How to Set Up Automatic Bounce Email Processing in MailPress

MailPress 5.1 introduced an improved method for automatically handling bounce messages that occur when subscribers to your newsletter fall off the face of the earth with the Bounce_handling_II add-in. This helps reduce the load on your host's mail server, and ensures that your subscriber list doesn't contain bogus addresses.

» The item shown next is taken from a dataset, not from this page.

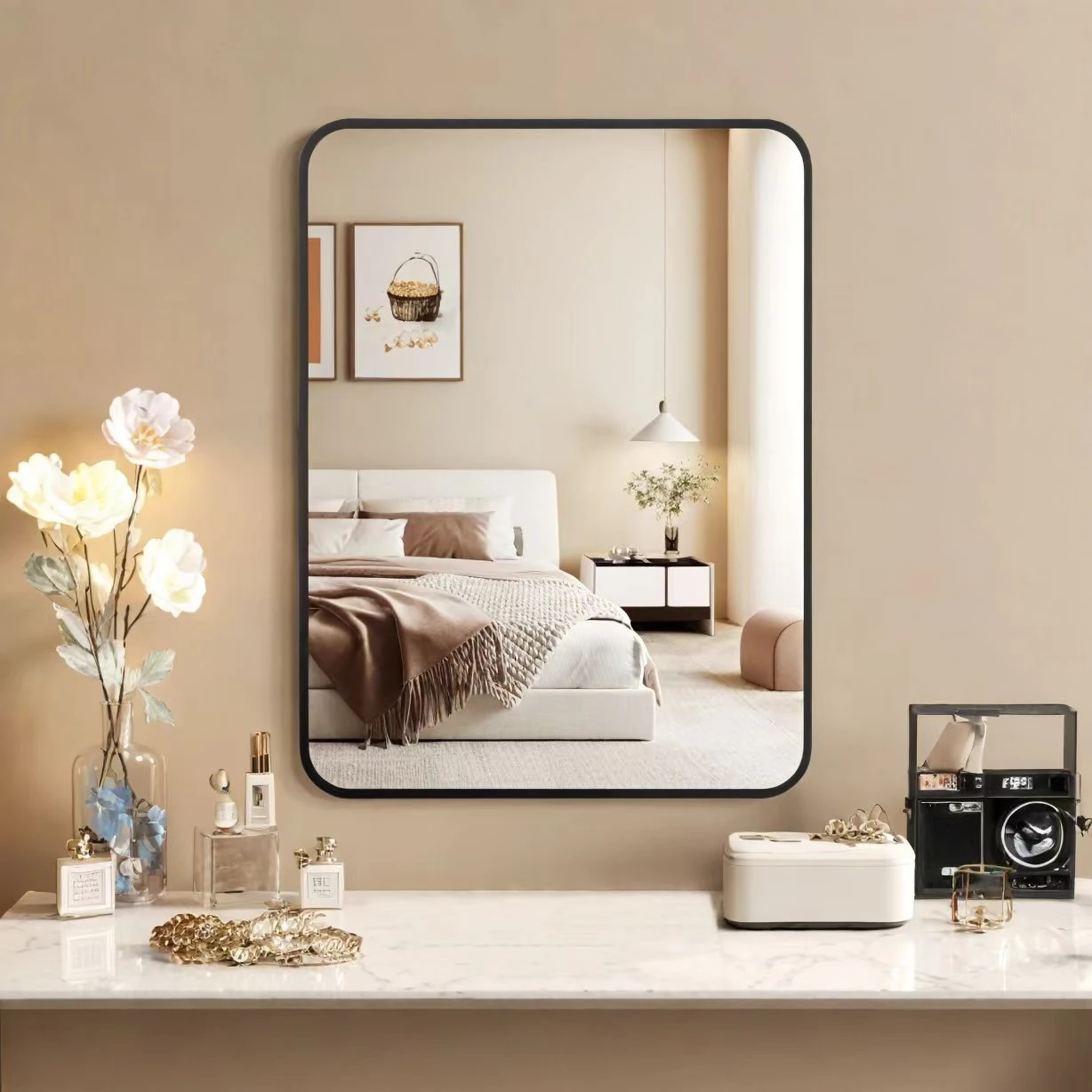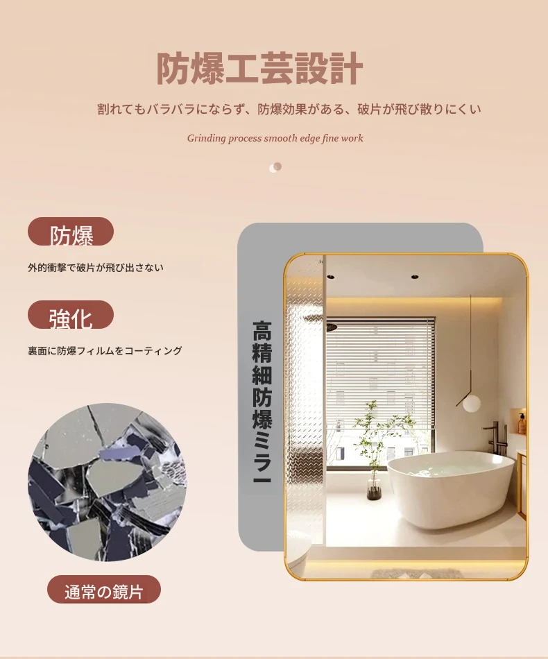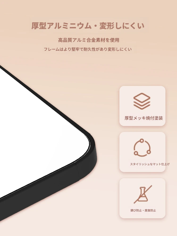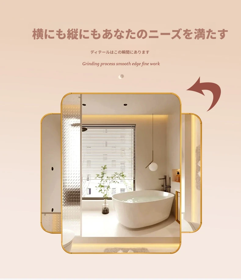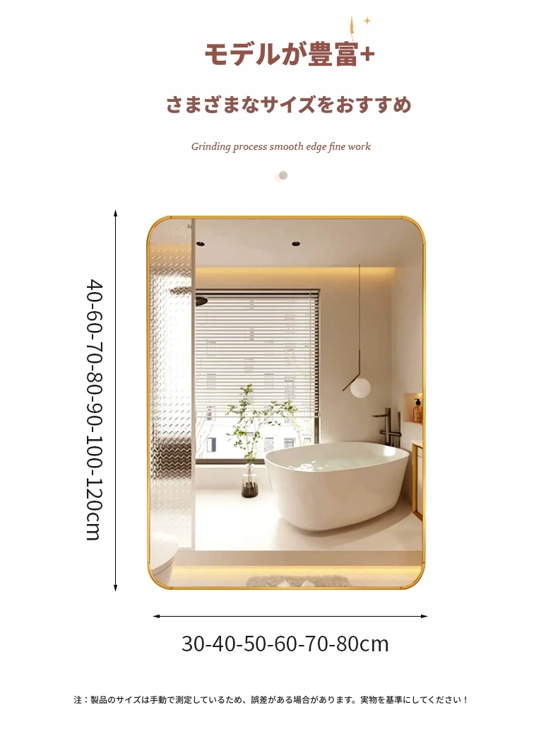 自粘式ウォールミラー|おしゃれな化粧台用|ドレッサーやトイレ、バスルームに最適|簡単取り付けで穴あけ不要!お部屋を広く見せる機能的なアイテムです!

The Variable Envelope Return Path (VERP) method of bounce processing provided by the original Bounce_handling add-in imposed some restrictions on your hosting provider. The improved method used by Bounce_handling_II is less restrictive and you must use it if your host can't:

  • Dynamically set the Return-Path on messages generated by PHP (e.g. IX Web Hosting)
  • Create a catch-all or address pattern-matching email box

Even if your host can do these things, the new approach described below is better because VERP requires a catch-all email box for all email sent to any unknown address on your domain, meaning that senders who misspell your email address will never get a bounce message to notify them.

This can be a little tricky to set up, so here's a step-by-step guide:

Create A Mailbox to Receive Bounce Messages In

Bounce_handling_II adds special headers to each message that MailPress sends so it can identify the address the message was sent to if it bounces back due to a bad subscriber address. You need to create an email box to capture these bounces.

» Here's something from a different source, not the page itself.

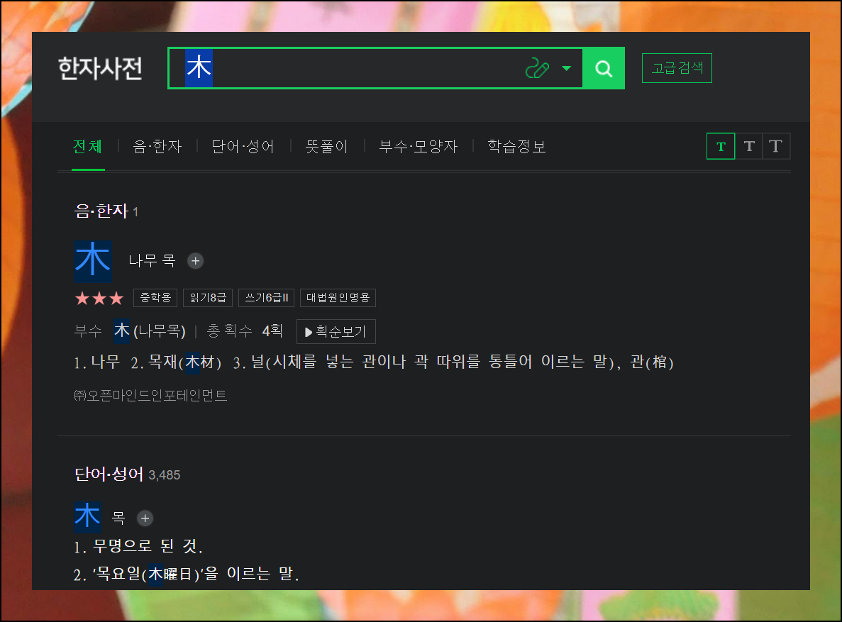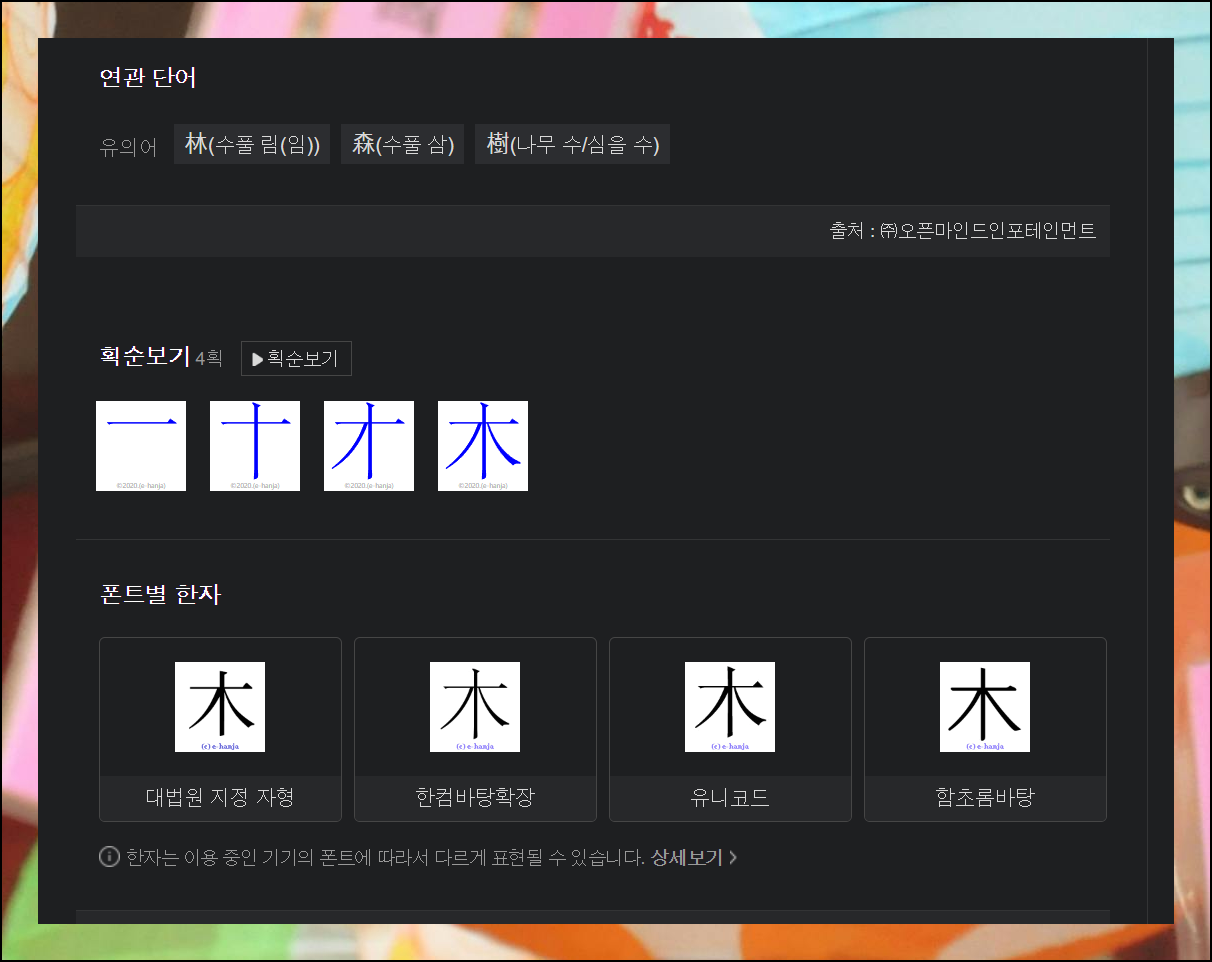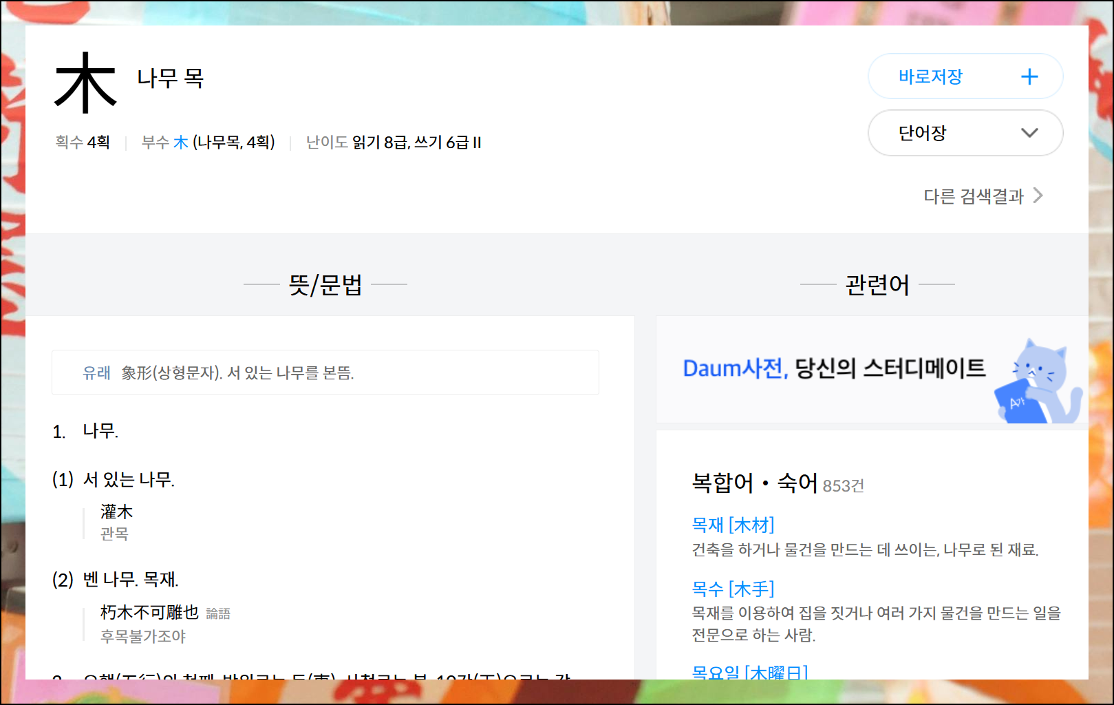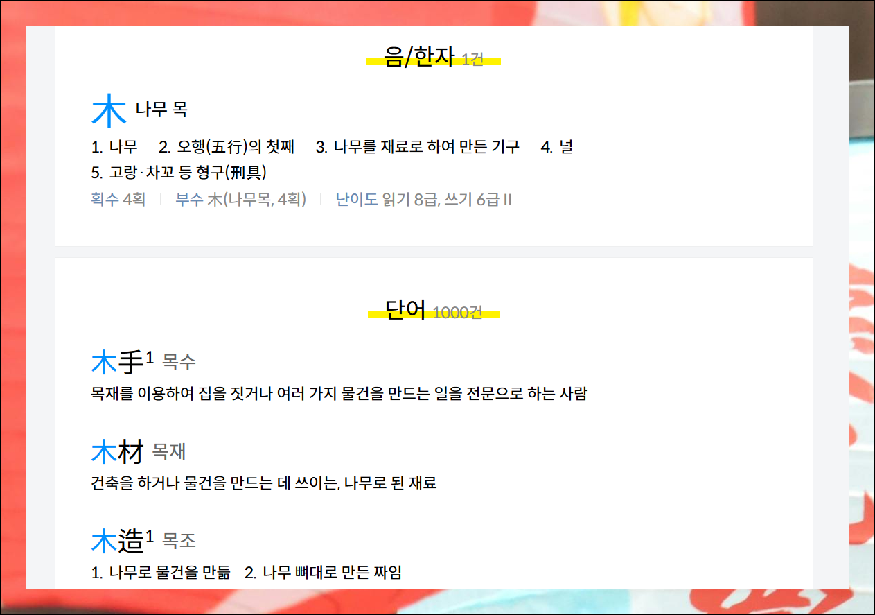 원하는 한자를 검색창에 입력한 후, "검색" 버튼을 누르면 결과가 표시됩니다. 해당 글자는 물론, 이 문자가 포함된 단어도 살펴볼 수 있어요. "나무 목"자를 입력했더니 관련 표현이 1000건이나 나왔습니다.

Create a mailbox named bounces@yourdomain, and assign it a password. Note this password down as you'll be using it later. If your hosting package uses CPanel, use Email Accounts on the Mail menu, and the password generator.

Check that the bounce address works by sending a test email to bounces@yourdomain. Log into Webmail with the address bounces@yourdomain, and check that the test mail is in the inbox.

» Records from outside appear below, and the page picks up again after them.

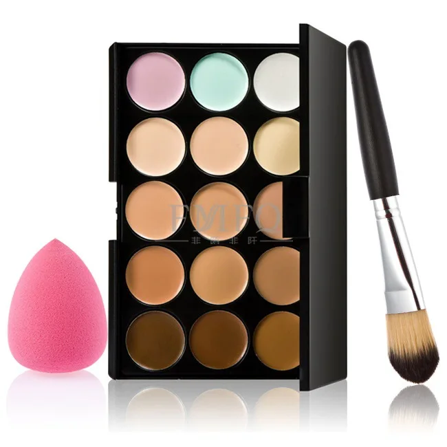 15 цветов Корректирующее средство для макияжа набор кистей + водяная пуховка супер Комбинация набор для макияжа Pro Палитра кистей Губка puff
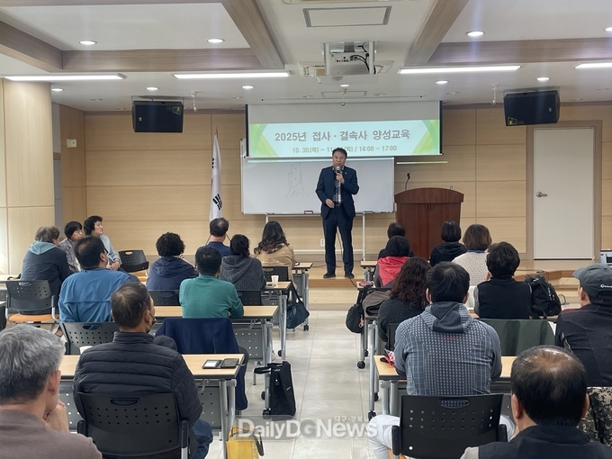(데일리대구경북뉴스=황지현 기자)경산묘목영농조합법인(대표 정희진) 주관으로 10월 30일부터 11월 27일까지 매주 화‧목요일 주 2회에 걸쳐 경산시종묘기술개발센터에서 2025년 접사·결속사 양성 교육을 실시한다.
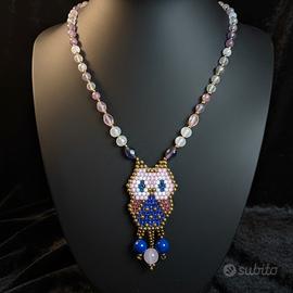Collana artigianale in stile boho etnico con cristalli e ciondolo gufo con pietre naturali pendenti.
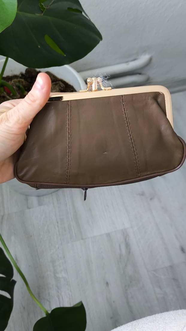 Bej renkte deri cüzdan, tokalı çerçeve ve pürüzsüz yüzey ile vintage ve modern klasik tarzı bir araya getirir.
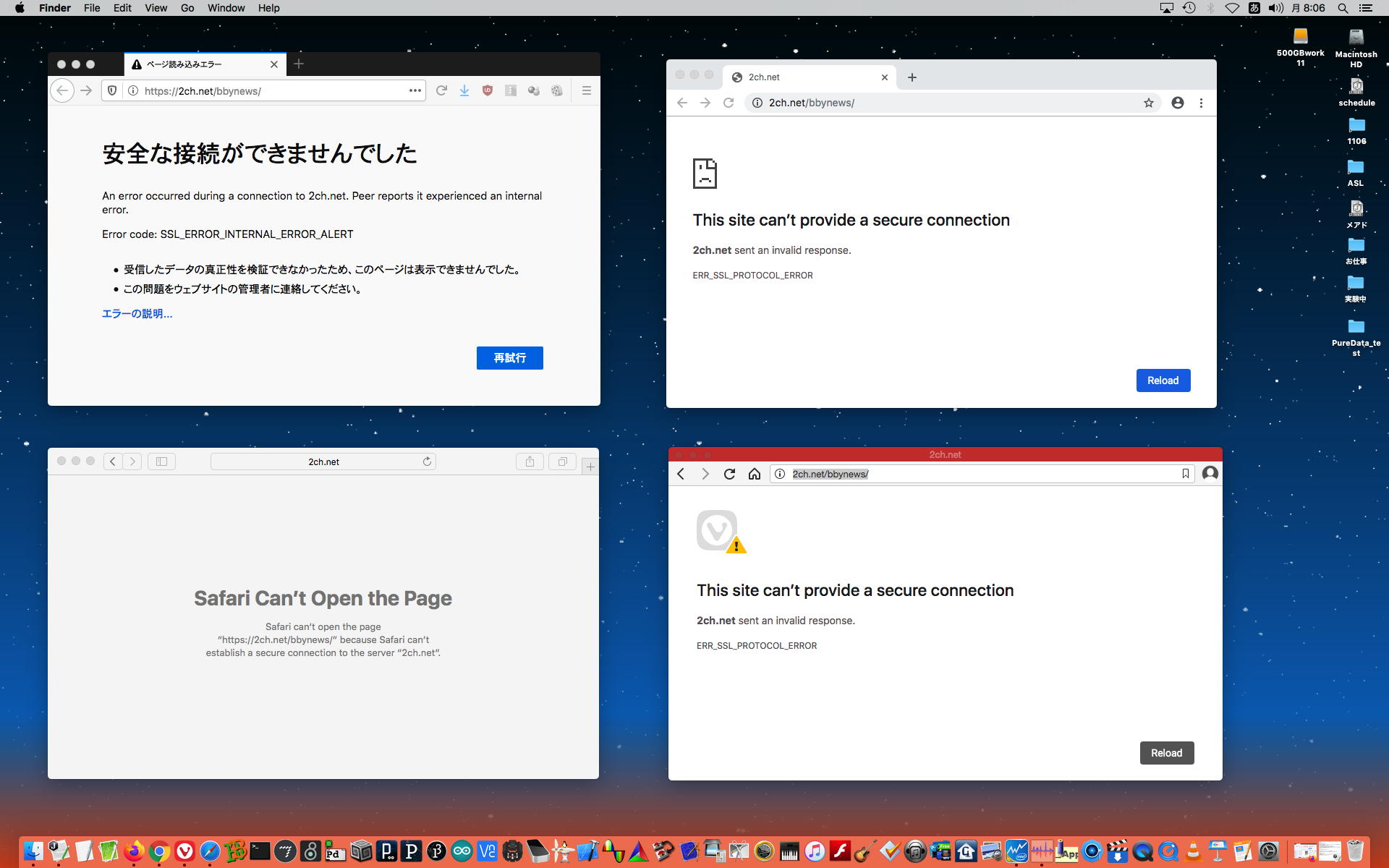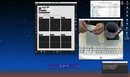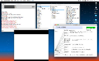 そして、さらにあれこれ、まさに文字通り「試行錯誤」を繰り返してみた。 行ったのは、「シリアルポートの奪い合い(^_^;)」であり、Processingスケッチと、ArduinoIDEシリアルモニタと、Max8パッチとで、同じたった一つのArduinoNano33BLEを「同時に指定する」という、本来であればエラーで認められないことである。 そして当然ながら、例えば「ArduinoIDEシリアルモニタがArduinoNano33BLEを掴んでいる時に同じポート指定でProcessingスケッチを起動させようとするとエラーで断られる」・「ProcessingスケッチがArduinoNano33BLEを掴んでいる時に同じポート指定でArduinoIDEシリアルモニタを起動させようとするとエラーで断られる」などの現象が続いたが、たまたまある瞬間、以下のような不思議な風景に遭遇した。

Activate and Configure The Bounce_handling_II Add-On

On the WordPress dashboard, select Plugins → MailPress Add-Ons.

Activate the Bounce_handling_II add-on.

Click Settings underneath Bounce_handling_II to go to the MailPress Settings page opened at the Batches tab.

Under Handling Bounces II set:

  • Return-Path: bounces@yourdomain, the name of the mailbox you created earlier.
  • Max bounces per user: 3.
  • Bounce in mailbox: delete.
  • Submit Batch with: other. And take a note of the sample path which is something like: /home/username/public_html/wp-content/plugins/mailpress/mp-content/xtras/mp_bounce_handling_II. You'll need this later too.
  • Save Changes.

The version of Bounce_handling_II in MailPress 5.1 is missing the option to set the Return-Path:. Install this patch to fix that. You don't need the patch if your mail service has the ability to set a Return-Path some other way.

Then switch to the POP3 tab under MailPress Settings to configure the bounce mailbox as:

  • POP3 Server: mail.yourdomain
  • Port: 110
  • Username: bounces@yourdomain, the name of the mailbox created earlier. Note that many low-cost hosting providers like HostGator use a shared email server where the username includes the domain name.
  • Password: the password you generated earlier.
  • Save Changes.

Hack Your php.ini To Set The Return-Path

If you're hosted with IX Web Hosting, you need to hack your php.ini file to set the Return-Path because they override the Return-Path setting passed in email headers to the PHP mail function. On other hosts you should skip this step.

In your file manager or Filezilla, edit the file cgi-bin/php.ini, and look for a line that looks like:

sendmail_path = "/usr/sbin/sendmail -t -i"

Modify the line to include the bounce email address you created earlier:

sendmail_path = "/usr/sbin/sendmail -t -i -fbounces@yourdomain "

If you can't find a php.ini file under your account, you may have to ask technical support to create it for you. You probably need to do this to increase the default PHP memory_limit anyway.

Check The Return-Path is Being Set Correctly

Most of the problems I had configuring automatic bounce handling came down to the wrong Return-Path being set in the emails that MailPress was sending due to configuration errors or hosting service foolishness. So go to Settings → MailPress → Test, and send yourself a test message.

Open the message headers in your mail client and check the Return-Path: header. On Windows Live Mail, you need to right-click the message, select Properties → Details in order to see the headers.

It should look like:

Return-Path: bounces@yourdomain

If the address doesn't match the one you specified earlier, check which MailPress Connection Add-On you're using, and contact your web host's technical support to see whether they play games with Return-Path from web applications.

Enable Bounce Logging

Under Settings -> MailPress choose the Logs tab, and select Bounces II Logging Level: E_ALL, Number of Bounces log files: 7, which will keep the log for a week.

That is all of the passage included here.